**Supplied information:**
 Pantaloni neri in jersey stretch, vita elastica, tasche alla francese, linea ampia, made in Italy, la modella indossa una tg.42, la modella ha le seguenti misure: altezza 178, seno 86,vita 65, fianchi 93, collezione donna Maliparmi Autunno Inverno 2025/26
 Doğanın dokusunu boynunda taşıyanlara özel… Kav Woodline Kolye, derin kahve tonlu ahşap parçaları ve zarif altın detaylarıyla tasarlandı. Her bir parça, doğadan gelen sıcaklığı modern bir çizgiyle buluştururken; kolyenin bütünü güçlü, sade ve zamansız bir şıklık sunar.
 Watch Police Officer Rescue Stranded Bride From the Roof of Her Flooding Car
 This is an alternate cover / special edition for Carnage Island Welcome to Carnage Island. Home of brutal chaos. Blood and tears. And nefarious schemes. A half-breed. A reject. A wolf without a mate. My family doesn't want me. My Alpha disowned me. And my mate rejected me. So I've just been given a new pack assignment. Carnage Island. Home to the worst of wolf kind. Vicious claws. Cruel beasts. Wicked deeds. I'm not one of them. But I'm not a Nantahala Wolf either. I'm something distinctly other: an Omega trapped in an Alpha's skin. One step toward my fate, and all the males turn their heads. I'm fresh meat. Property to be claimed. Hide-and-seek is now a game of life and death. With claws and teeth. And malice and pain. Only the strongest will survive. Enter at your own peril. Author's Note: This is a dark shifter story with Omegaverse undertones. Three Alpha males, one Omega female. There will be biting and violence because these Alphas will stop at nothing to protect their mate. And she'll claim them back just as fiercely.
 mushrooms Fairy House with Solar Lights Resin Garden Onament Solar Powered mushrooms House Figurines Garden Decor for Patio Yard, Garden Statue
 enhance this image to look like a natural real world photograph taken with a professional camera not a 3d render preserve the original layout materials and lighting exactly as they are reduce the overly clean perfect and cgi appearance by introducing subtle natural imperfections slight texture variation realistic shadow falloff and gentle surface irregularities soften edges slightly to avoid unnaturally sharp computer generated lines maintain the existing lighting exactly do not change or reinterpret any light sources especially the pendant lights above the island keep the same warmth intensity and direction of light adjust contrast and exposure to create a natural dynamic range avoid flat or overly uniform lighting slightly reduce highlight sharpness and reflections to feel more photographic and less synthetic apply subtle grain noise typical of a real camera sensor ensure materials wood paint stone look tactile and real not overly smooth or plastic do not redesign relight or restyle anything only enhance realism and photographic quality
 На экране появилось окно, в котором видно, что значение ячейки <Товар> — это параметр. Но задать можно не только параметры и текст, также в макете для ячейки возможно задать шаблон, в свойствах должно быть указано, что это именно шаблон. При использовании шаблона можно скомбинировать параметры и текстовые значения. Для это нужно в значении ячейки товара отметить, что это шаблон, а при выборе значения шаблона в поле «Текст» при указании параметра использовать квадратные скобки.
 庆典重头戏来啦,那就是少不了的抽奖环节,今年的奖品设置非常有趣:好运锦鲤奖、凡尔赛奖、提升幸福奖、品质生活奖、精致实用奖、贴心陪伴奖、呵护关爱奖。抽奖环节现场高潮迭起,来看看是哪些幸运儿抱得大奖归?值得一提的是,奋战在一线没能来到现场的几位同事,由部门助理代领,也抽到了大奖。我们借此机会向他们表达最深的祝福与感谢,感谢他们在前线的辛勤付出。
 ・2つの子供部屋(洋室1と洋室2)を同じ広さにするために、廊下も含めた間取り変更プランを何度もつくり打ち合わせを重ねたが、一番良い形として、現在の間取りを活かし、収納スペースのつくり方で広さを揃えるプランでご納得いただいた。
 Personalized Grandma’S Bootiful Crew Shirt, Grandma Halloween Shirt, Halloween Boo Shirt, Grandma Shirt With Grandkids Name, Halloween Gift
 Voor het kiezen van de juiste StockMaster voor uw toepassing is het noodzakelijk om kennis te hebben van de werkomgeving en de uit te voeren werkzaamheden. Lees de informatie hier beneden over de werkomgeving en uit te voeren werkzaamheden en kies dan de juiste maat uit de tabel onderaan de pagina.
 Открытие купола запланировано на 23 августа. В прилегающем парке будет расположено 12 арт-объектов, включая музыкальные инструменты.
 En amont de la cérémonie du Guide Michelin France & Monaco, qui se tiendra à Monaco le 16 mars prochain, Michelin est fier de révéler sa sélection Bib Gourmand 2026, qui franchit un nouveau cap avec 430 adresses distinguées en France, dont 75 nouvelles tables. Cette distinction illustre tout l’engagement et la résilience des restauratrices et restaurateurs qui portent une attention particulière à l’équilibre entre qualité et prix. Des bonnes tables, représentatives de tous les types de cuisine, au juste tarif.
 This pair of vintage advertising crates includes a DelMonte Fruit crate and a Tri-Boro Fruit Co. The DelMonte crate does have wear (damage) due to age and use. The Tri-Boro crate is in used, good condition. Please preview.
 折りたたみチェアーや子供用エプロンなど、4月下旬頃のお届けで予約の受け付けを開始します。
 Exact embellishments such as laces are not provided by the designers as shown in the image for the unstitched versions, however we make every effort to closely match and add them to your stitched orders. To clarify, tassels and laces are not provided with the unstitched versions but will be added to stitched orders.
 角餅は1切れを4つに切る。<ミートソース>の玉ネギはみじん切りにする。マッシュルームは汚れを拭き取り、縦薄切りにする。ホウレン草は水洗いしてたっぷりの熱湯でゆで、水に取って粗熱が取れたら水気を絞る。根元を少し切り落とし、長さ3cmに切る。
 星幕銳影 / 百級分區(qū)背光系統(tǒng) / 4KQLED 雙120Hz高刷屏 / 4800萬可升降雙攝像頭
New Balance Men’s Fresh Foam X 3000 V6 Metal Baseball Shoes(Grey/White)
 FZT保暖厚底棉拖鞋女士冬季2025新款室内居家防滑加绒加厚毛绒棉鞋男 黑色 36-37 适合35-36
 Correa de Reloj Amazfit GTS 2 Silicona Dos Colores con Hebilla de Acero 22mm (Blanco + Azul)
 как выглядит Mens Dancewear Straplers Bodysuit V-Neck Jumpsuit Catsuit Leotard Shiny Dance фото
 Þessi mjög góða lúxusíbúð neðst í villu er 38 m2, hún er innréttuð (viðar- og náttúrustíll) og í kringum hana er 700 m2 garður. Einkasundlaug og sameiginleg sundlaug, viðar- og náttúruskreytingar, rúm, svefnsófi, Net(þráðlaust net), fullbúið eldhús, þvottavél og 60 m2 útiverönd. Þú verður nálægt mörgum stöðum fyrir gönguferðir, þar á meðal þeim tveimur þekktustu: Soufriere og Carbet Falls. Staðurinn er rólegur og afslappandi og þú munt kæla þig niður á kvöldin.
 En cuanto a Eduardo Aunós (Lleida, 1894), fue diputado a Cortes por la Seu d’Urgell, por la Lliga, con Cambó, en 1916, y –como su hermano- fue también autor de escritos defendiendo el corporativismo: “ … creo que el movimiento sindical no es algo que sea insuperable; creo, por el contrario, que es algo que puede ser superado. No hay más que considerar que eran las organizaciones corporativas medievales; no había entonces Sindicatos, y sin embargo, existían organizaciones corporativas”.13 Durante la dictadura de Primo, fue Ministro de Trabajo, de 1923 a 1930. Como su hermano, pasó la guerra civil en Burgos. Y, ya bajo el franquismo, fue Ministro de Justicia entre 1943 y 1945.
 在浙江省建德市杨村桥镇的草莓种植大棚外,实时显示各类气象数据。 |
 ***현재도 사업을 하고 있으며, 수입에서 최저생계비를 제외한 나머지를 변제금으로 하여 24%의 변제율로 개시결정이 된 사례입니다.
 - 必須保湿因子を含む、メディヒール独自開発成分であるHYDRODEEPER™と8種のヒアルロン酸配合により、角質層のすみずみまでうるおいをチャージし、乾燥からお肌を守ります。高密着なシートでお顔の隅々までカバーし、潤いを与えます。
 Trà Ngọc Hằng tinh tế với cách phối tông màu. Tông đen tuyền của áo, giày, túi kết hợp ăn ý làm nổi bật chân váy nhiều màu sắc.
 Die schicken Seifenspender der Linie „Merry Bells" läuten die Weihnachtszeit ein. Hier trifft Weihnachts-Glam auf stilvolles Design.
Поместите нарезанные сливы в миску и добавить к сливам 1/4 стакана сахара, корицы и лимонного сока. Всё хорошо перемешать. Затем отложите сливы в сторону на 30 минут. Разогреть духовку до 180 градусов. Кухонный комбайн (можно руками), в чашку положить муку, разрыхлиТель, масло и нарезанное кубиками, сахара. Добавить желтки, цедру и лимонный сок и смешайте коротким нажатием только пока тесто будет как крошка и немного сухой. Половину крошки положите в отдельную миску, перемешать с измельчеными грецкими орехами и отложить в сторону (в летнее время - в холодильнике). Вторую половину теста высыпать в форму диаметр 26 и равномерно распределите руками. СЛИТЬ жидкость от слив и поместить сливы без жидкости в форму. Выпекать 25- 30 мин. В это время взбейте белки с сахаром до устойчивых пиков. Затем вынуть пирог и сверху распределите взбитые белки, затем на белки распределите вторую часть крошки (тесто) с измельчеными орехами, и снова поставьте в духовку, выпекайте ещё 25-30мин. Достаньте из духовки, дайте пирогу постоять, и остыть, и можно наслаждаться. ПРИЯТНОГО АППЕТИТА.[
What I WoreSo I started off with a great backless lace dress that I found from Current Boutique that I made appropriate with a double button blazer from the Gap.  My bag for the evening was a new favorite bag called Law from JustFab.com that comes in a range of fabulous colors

**Directions for this task:**
Looking at the entries above, can you reproduce exactly the lines from the one that holds "星幕銳影 / 百級分區(qū)背光系統(tǒng)" through the one that holds "Correa de Reloj", and only those?

**Exercise solution:**
 星幕銳影 / 百級分區(qū)背光系統(tǒng) / 4KQLED 雙120Hz高刷屏 / 4800萬可升降雙攝像頭
New Balance Men’s Fresh Foam X 3000 V6 Metal Baseball Shoes(Grey/White)
 FZT保暖厚底棉拖鞋女士冬季2025新款室内居家防滑加绒加厚毛绒棉鞋男 黑色 36-37 适合35-36
 Correa de Reloj Amazfit GTS 2 Silicona Dos Colores con Hebilla de Acero 22mm (Blanco + Azul)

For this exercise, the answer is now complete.